§ **Data supplied**
------------

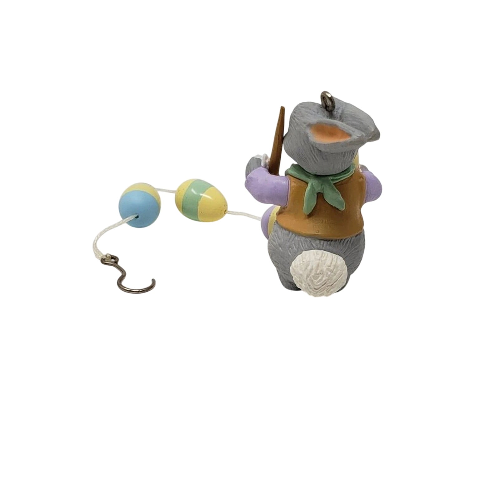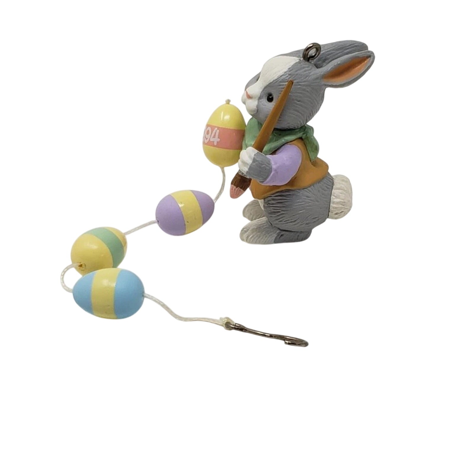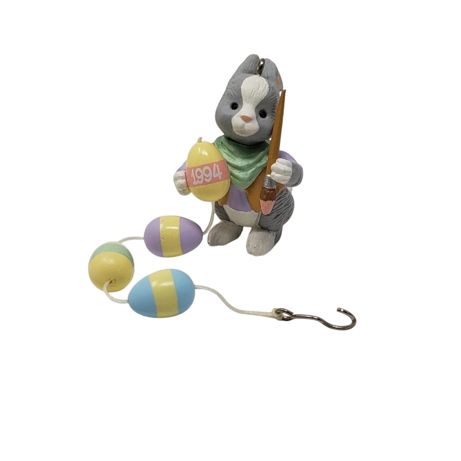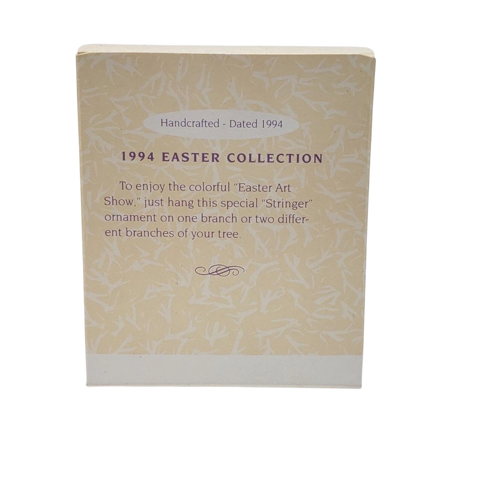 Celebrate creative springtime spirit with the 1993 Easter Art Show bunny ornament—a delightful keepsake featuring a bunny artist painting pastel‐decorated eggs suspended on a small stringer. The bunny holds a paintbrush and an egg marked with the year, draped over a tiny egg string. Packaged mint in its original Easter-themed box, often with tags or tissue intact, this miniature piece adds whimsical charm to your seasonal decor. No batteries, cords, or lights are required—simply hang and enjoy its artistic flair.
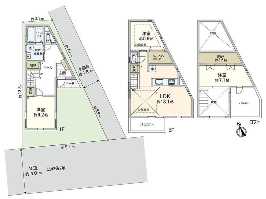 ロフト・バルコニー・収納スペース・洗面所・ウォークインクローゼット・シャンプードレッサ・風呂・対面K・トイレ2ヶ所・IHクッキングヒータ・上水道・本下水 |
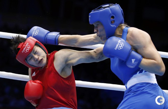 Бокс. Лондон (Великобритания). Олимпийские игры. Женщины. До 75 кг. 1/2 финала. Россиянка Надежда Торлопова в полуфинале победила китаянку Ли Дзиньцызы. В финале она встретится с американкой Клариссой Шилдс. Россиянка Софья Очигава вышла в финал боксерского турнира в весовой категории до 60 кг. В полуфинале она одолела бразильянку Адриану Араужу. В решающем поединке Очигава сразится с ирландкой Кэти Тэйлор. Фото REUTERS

------------

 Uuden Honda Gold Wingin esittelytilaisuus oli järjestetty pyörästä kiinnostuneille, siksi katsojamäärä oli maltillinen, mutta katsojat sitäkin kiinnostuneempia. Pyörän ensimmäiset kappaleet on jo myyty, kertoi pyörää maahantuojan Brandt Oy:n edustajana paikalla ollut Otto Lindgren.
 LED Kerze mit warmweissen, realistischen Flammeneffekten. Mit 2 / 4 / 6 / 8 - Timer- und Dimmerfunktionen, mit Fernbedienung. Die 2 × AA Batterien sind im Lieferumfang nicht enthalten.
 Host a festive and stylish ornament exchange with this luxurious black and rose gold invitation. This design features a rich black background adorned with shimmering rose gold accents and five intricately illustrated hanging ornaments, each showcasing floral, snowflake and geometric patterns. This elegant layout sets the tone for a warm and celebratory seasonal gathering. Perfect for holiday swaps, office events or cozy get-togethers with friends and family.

------------

§ **Task details**
Each line in the entries above, starting at the line with "LED Kerze mit" and ending at the line with "Host a festive", is to be printed exactly, and only those lines.

§ **Exercise answer**
 LED Kerze mit warmweissen, realistischen Flammeneffekten. Mit 2 / 4 / 6 / 8 - Timer- und Dimmerfunktionen, mit Fernbedienung. Die 2 × AA Batterien sind im Lieferumfang nicht enthalten.
 Host a festive and stylish ornament exchange with this luxurious black and rose gold invitation. This design features a rich black background adorned with shimmering rose gold accents and five intricately illustrated hanging ornaments, each showcasing floral, snowflake and geometric patterns. This elegant layout sets the tone for a warm and celebratory seasonal gathering. Perfect for holiday swaps, office events or cozy get-togethers with friends and family.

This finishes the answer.